TASK BRIEF:
Reproduce the material below only from the line with "Evinrude and Elto" to the line with "5年生は、ミュージカル仕立て", both included, keeping each line exact and dropping the pictures.

GIVEN RECORDS:
★ ★ ★ ★

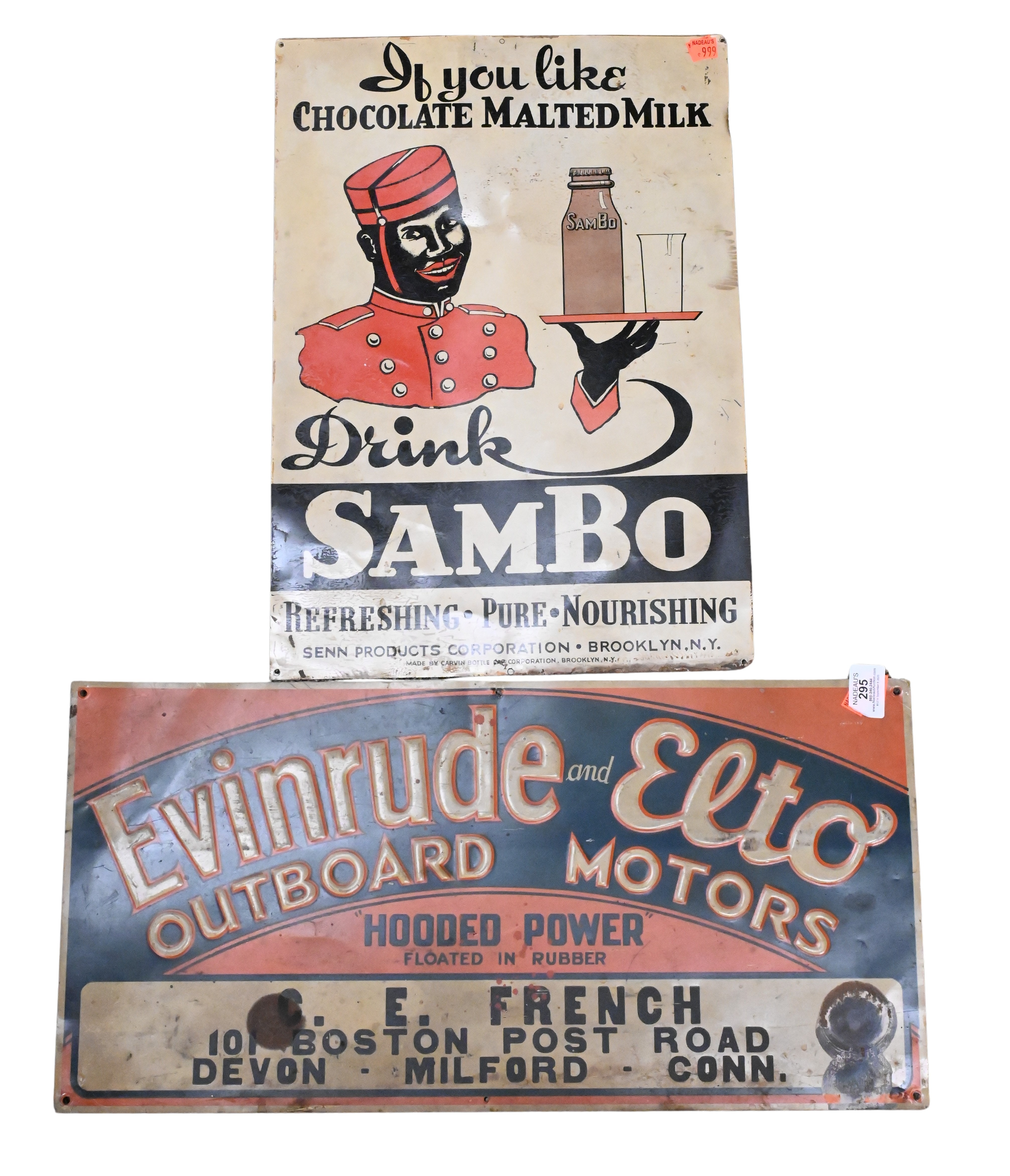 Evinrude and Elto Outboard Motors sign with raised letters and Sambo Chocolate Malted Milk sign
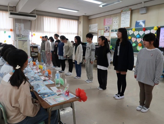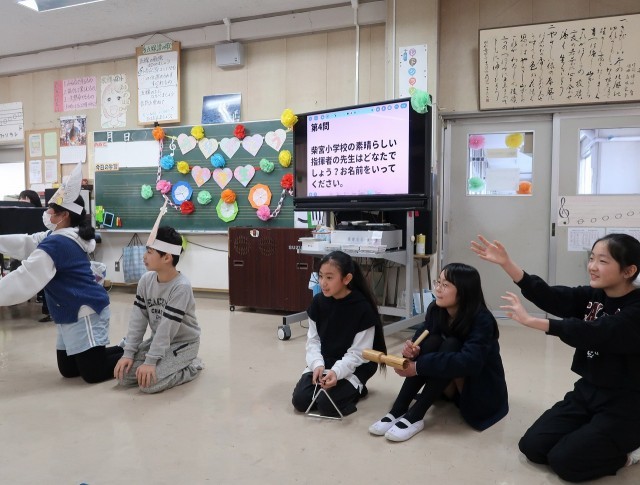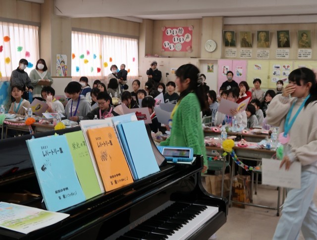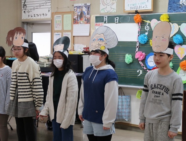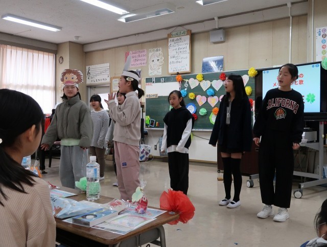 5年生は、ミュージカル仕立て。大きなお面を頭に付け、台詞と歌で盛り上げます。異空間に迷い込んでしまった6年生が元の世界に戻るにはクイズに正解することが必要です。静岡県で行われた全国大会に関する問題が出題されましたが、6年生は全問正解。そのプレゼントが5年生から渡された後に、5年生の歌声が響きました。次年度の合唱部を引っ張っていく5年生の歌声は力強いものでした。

★ ★ ★ ★

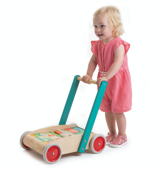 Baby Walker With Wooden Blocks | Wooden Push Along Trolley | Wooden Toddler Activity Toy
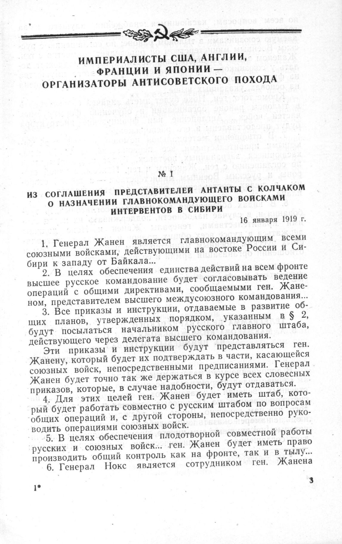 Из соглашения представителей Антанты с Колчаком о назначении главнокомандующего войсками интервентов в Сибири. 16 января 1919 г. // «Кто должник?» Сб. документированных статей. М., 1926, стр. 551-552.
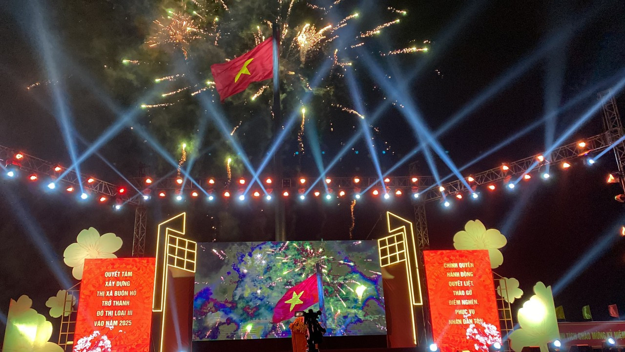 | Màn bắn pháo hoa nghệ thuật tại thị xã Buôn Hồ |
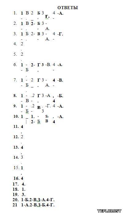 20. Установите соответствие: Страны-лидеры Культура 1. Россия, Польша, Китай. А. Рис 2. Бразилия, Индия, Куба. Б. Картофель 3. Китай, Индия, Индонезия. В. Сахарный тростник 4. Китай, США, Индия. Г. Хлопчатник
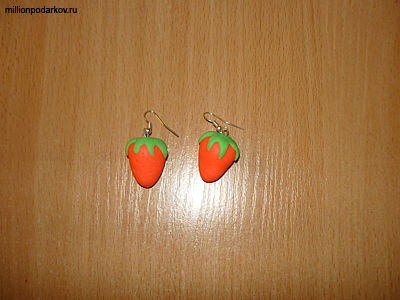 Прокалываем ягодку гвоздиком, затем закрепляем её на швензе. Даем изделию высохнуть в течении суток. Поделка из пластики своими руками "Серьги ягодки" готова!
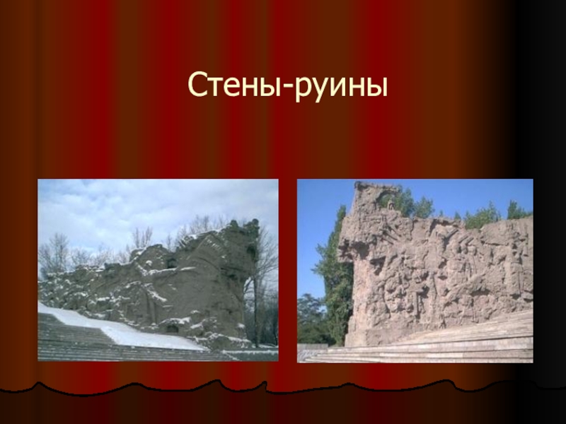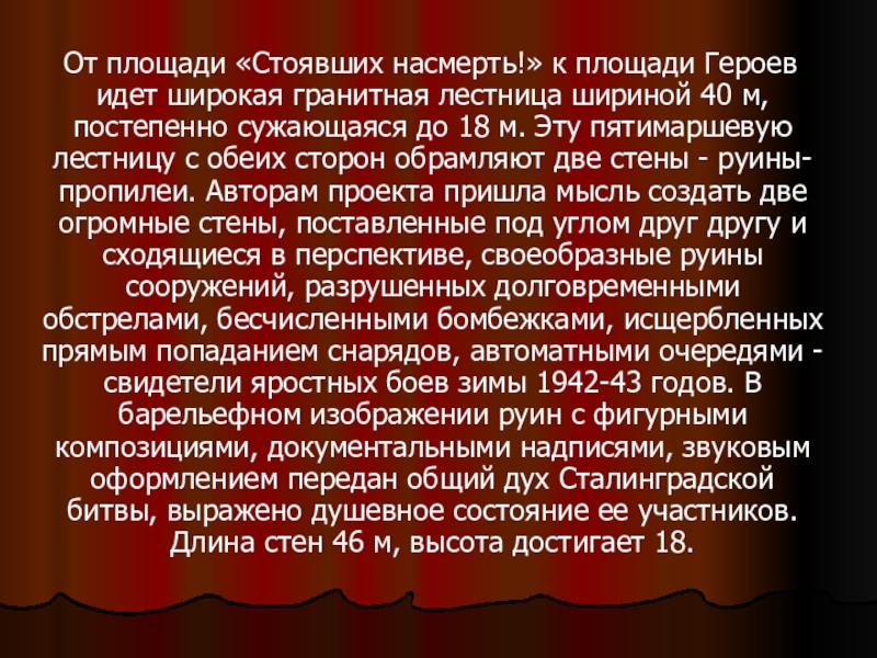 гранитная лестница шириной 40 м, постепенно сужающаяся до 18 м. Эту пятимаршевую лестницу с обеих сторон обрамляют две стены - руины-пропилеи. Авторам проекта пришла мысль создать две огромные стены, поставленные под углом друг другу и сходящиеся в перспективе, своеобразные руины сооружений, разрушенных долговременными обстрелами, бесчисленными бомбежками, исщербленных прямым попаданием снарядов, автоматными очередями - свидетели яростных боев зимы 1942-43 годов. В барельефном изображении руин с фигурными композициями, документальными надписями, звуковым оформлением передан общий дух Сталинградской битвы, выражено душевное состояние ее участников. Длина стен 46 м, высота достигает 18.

★ ★ ★ ★

ANSWER SPACE:
 Evinrude and Elto Outboard Motors sign with raised letters and Sambo Chocolate Malted Milk sign
 5年生は、ミュージカル仕立て。大きなお面を頭に付け、台詞と歌で盛り上げます。異空間に迷い込んでしまった6年生が元の世界に戻るにはクイズに正解することが必要です。静岡県で行われた全国大会に関する問題が出題されましたが、6年生は全問正解。そのプレゼントが5年生から渡された後に、5年生の歌声が響きました。次年度の合唱部を引っ張っていく5年生の歌声は力強いものでした。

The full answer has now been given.